On this planet of web development, turning designs into functional web sites often involves plenty of coding and careful testing. What if we could simplify this process, making it possible to convert web designs into working web sites more easily and quickly? WebSight is a brand new dataset that goals at constructing AI systems capable of reworking screenshots to HTML code.
The challenge
Turning a web site design or screenshot into HTML code often needs an experienced developer. But what if this might be more efficient? Motivated by this query, we investigated how vision-language models (VLMs) might be utilized in web development to create low-code solutions that improve efficiency.
Today, the primary challenge towards that goal is the shortage of high-quality datasets tailored for this task. WebSight goals to fill that gap.

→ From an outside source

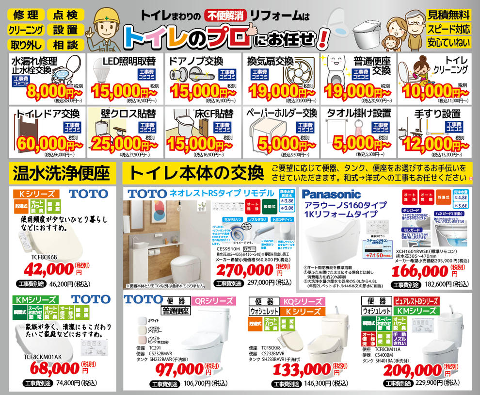 トイレのウォシュレット工事、レンジフード、ガス台から、キッチン、浴室…お家のフルリフォームまで。

WebSight: A big synthetic dataset of screenshot/HTML code pairs
In January 2024, we introduced WebSight-v0.1, an artificial dataset that consists of 823,000 pairs of HTML codes and their corresponding screenshots. This dataset is designed to coach AI models to process and translate visual web designs into functional HTML code. By specializing in synthetic data, we have managed to bypass the noise and complexity often present in real-world HTML, allowing AI models to learn efficiently.
Following our initial release and constructing on top of the community’s feedback, we have updated our dataset to WebSight-v0.2, introducing significant improvements. These enhancements feature using real images within the screenshots, and switching to Tailwind CSS (as a substitute of traditional CSS). We further scaled the dataset to 2 million examples.

Sightseer: A model fine-tuned on WebSight
Leveraging the WebSight dataset, we’ve fine-tuned our forthcoming foundation vision-language model to acquire Sightseer, a model able to converting webpage screenshots into functional HTML code. Sightseer moreover demonstrates the aptitude to include images into the generated HTML that closely resemble those in the unique screenshots.

Towards more powerful tools unlocked by visual language models
By iterating over WebSight, our goal is to construct more capable AI systems that simplify the technique of turning UI designs into functional code. This might reduce iteration time for developers by transforming a paper UI sketch into functional code rapidly, while making this process more accessible for non-developers. That is certainly one of the numerous real applications of visual language models.. By open-sourcing WebSight, we encourage the community to work with us toward constructing more powerful tools for UI development.